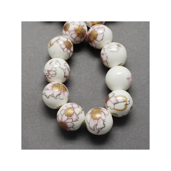 Fehér virágos golyó alakú porcelán, kerámia gyöngy (8mm)
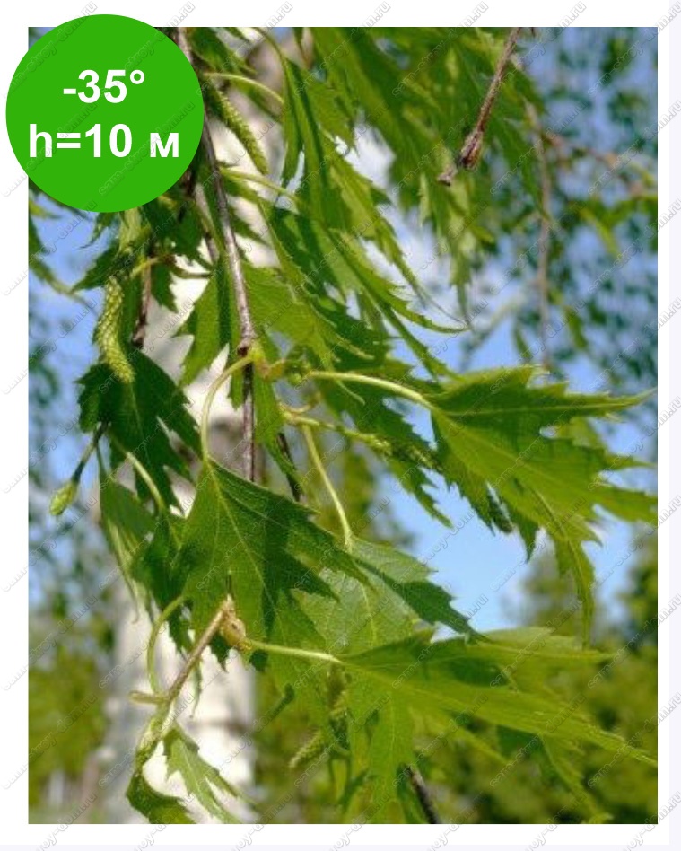 Красивое листопадное дерево с плакучей, сквозистой кроной и светло окрашенным стволом. Листья с неравнозубчатыми краями, глубоко рассеченные. В молодости смолистые, яркие, светло-зеленые, позже — зеленые, осенью — с ровной желтой окраской. Сережки пониклые, длинные.
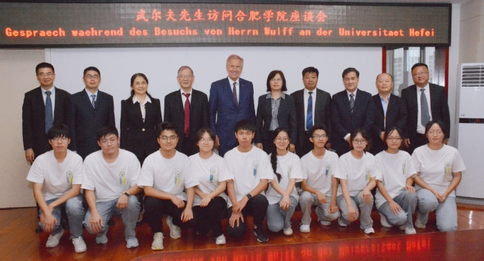 Herr Wulff erinnert sich gerne an die Geschichte der Zusammenarbeit zwischen der Provinz Anhui und Niedersachsen als Partnerprovinz bzw. Partnerbundesland und an die persönlichen Gefühle bei seinen früheren Besuchen der Universität Hefei. Er sagte, dass die chinesisch-deutsche Zusammenarbeit in den letzten Jahren immer enger geworden sei, insbesondere sei die Interaktion zwischen jungen chinesischen und deutschen Studierenden immer häufiger geworden. Er hoffte, dass beide Seiten weiterhin einen intensiven Austausch, gegenseitiges Vertrauen und gegenseitiges Verständnis sowie eine für beide Seiten vorteilhafte Entwicklung haben würden, und wünschte sich, dass diese innovative chinesisch-deutsche Kooperationsform des Schulbetriebs in dem Volkswagen-Institut einen noch größeren Erfolg haben werde.
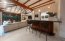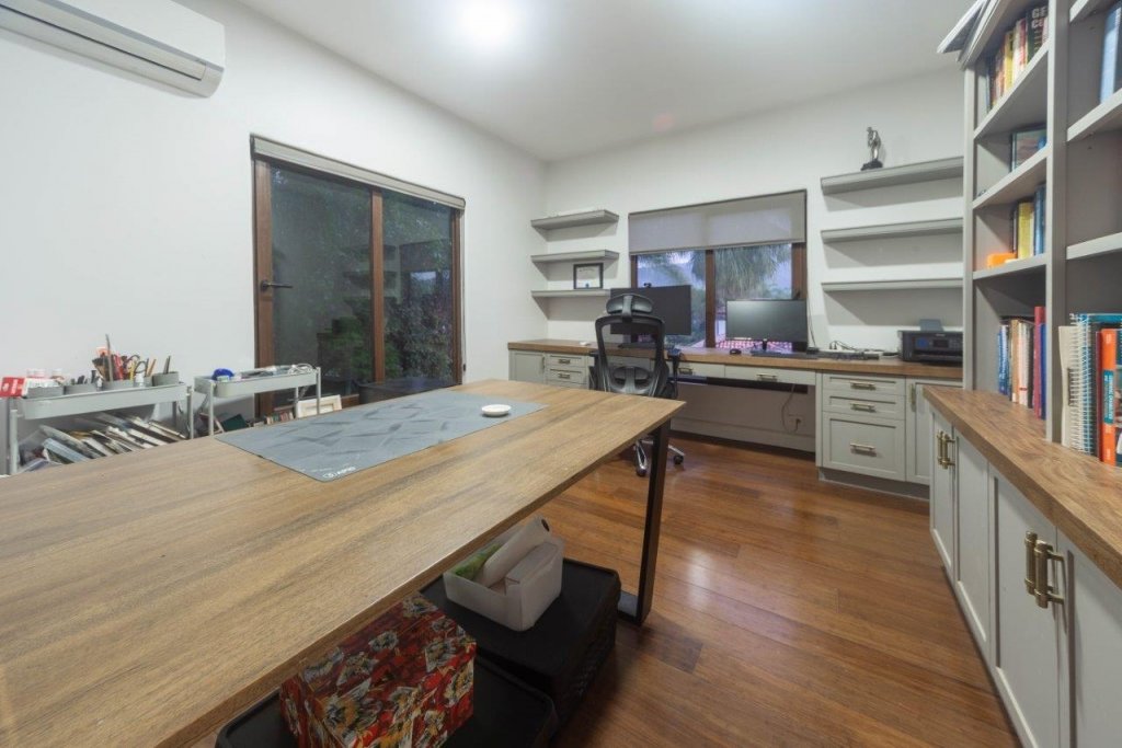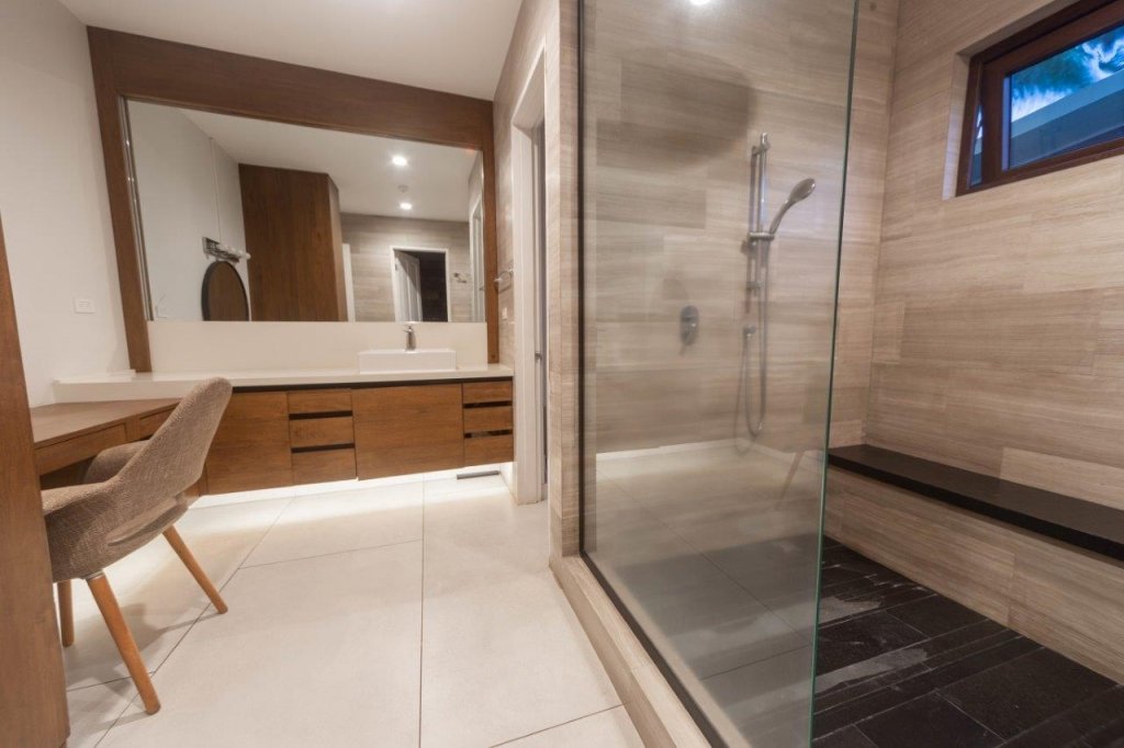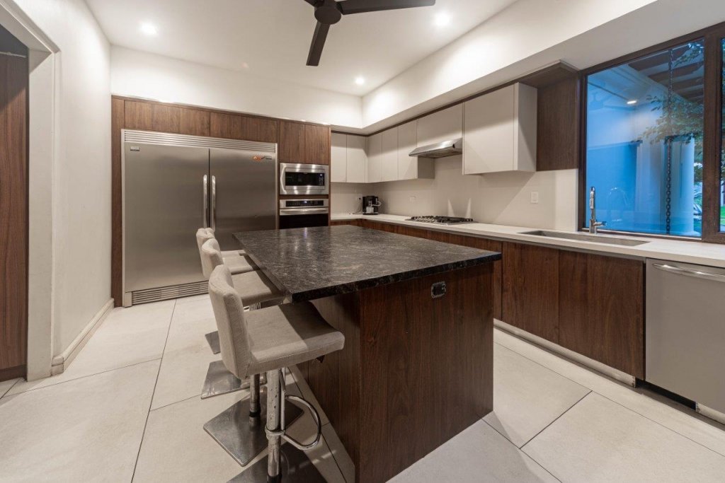 La cocina está a solo unos pasos del salón, y ha sido diseñada con mucho cuidado, los muebles de apoyo son de melamina con un diseño sofisticado, mientras que las encimeras son de cuarzo. Una isla central funciona como desayunador, también hay un gran lavatorio, espacios empotrados para electrodomésticos y un ventanal corredizo que se abre al jardín, permitiendo que la brisa y la luz natural inunden el interior.
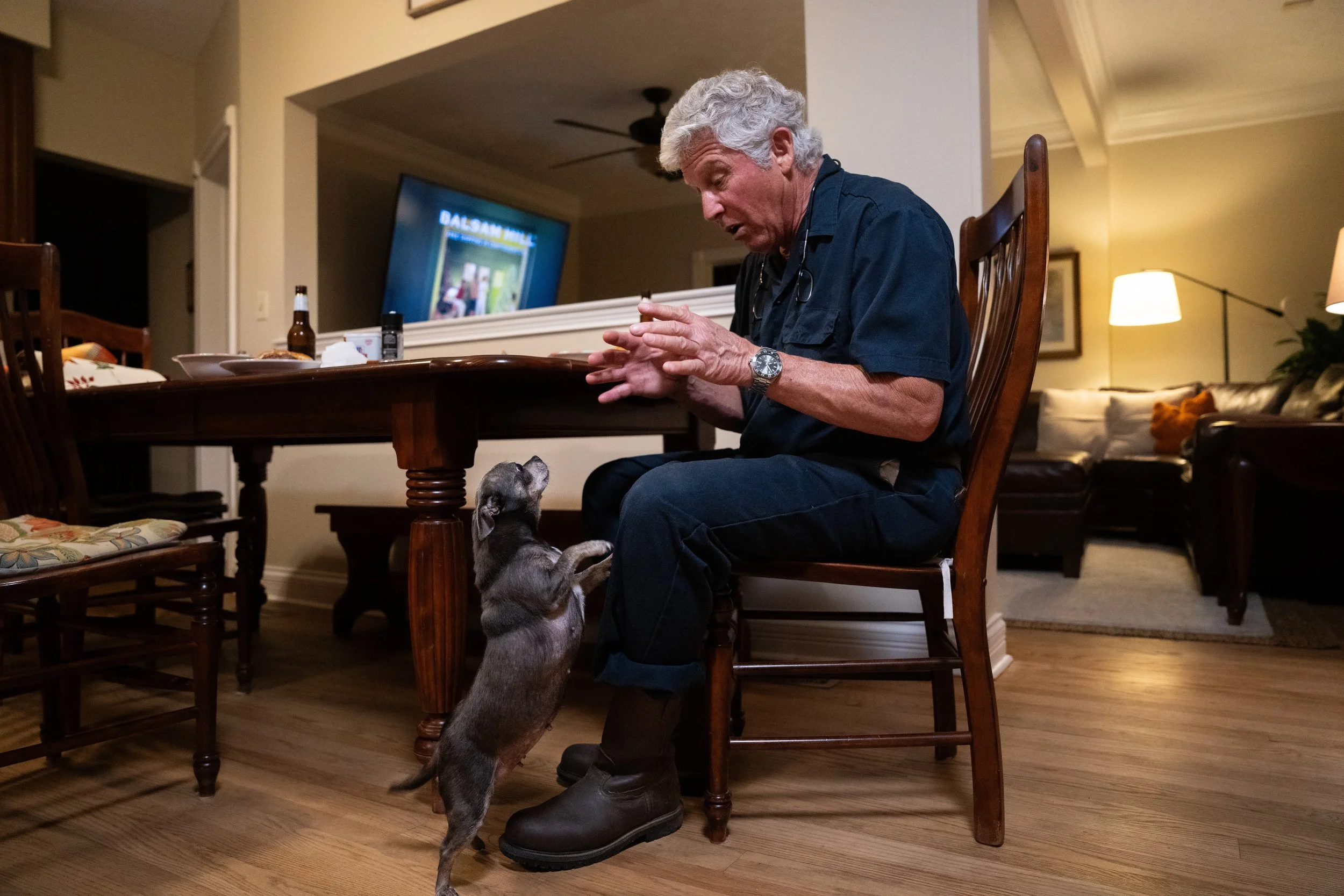 Mike is a beloved local veterinarian, who took over the practice from his father. Larry and Carol Bledsoe embrace as Mike puts down their 12 year old dog, Belle Starr. “Putting dogs to sleep right in front of their owners is the hardest part," Mike says.
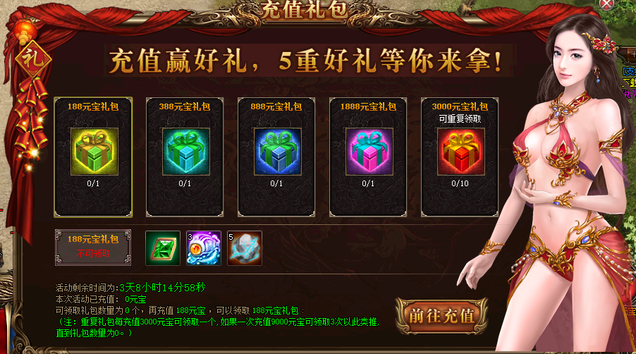 活动详情:活动期间充值达到指定元宝数,即可领取一份对应充值礼包,3000元宝礼包更可重复充值领取10次,每充值3000元宝可领取一个,直到礼包数为0为止。
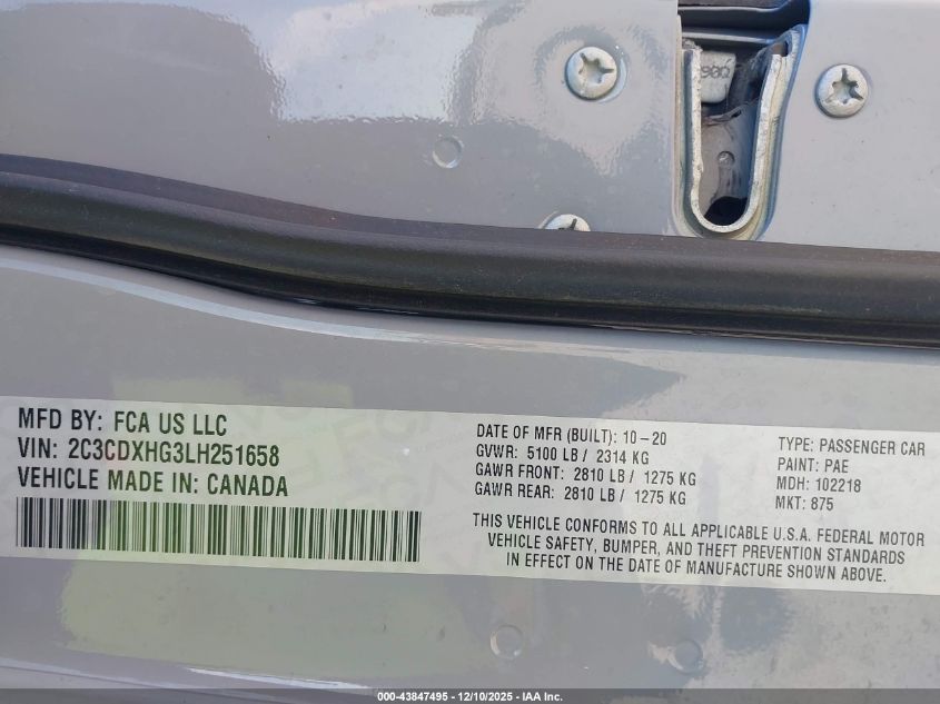 Колір СірийЦиліндри 6Привід Задній привідVIN 2C3CDXHG3LH251658Стан Заводиться та їде (перевірено)Ушкодження Передня ліва AutoRIA
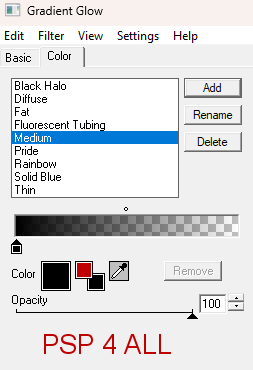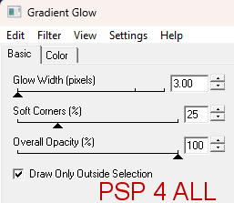 Fill with green #28B7AD or colour of your choice. Duplicate. Image > Mirror Vertical. Calques > Merge Down. Apply Eye Candy 4000 > Gradient Glow - Medium > Black. Same configuration. Copy Paste the wordart in the middle of the 2 diamond decos. See my tag. Colorize in green #28B7AD. Apply the same Gradient Glow. Activate the Frame layer. With the magic wand, click inside the Frame. Selections > Modify > Expand 3 pixels. Add a layer and et copy paste a background image/ scrapkit paper of your choice into the selection. Selections > Select None. Add the tube as a new layer in the Frame. Move the 2 layers: Background and tube and place under the Frame.
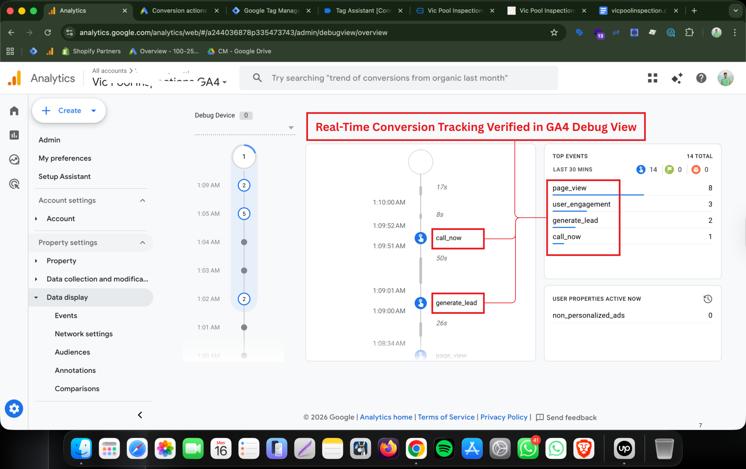 Verified that lead form submissions and call clicks are tracked in real-time within GA4. This ensures accurate reporting, better decision-making, and optimized marketing performance.
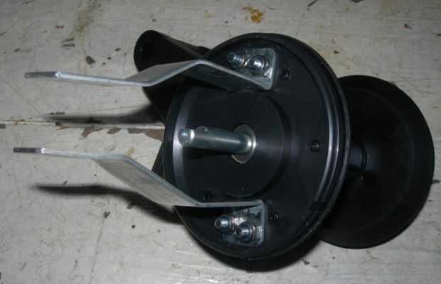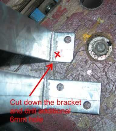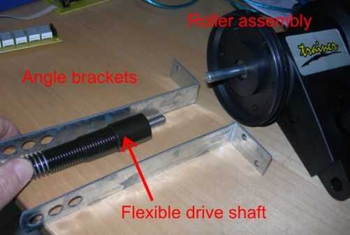 Las escuadras se pernos para el montaje de rodillo plástico. Ajuste que deben cortarse un poco y un agujero perforado. Los soportes deben ser doblados un poco para que sostiene el disco flexible en la posición correcta, en línea con el eje del impulsor de rodillo. Esto puede hacerse manteniendo el soporte en un tornillo de banco y golpeando con un martillo.

══════════════════════════════

Print nothing except the lines above from the one containing "Колір СірийЦиліндри 6Привід" down to the one containing "Verified that lead", both included, exactly as written and free of pictures.

 Колір СірийЦиліндри 6Привід Задній привідVIN 2C3CDXHG3LH251658Стан Заводиться та їде (перевірено)Ушкодження Передня ліва AutoRIA
 Fill with green #28B7AD or colour of your choice. Duplicate. Image > Mirror Vertical. Calques > Merge Down. Apply Eye Candy 4000 > Gradient Glow - Medium > Black. Same configuration. Copy Paste the wordart in the middle of the 2 diamond decos. See my tag. Colorize in green #28B7AD. Apply the same Gradient Glow. Activate the Frame layer. With the magic wand, click inside the Frame. Selections > Modify > Expand 3 pixels. Add a layer and et copy paste a background image/ scrapkit paper of your choice into the selection. Selections > Select None. Add the tube as a new layer in the Frame. Move the 2 layers: Background and tube and place under the Frame.
 Verified that lead form submissions and call clicks are tracked in real-time within GA4. This ensures accurate reporting, better decision-making, and optimized marketing performance.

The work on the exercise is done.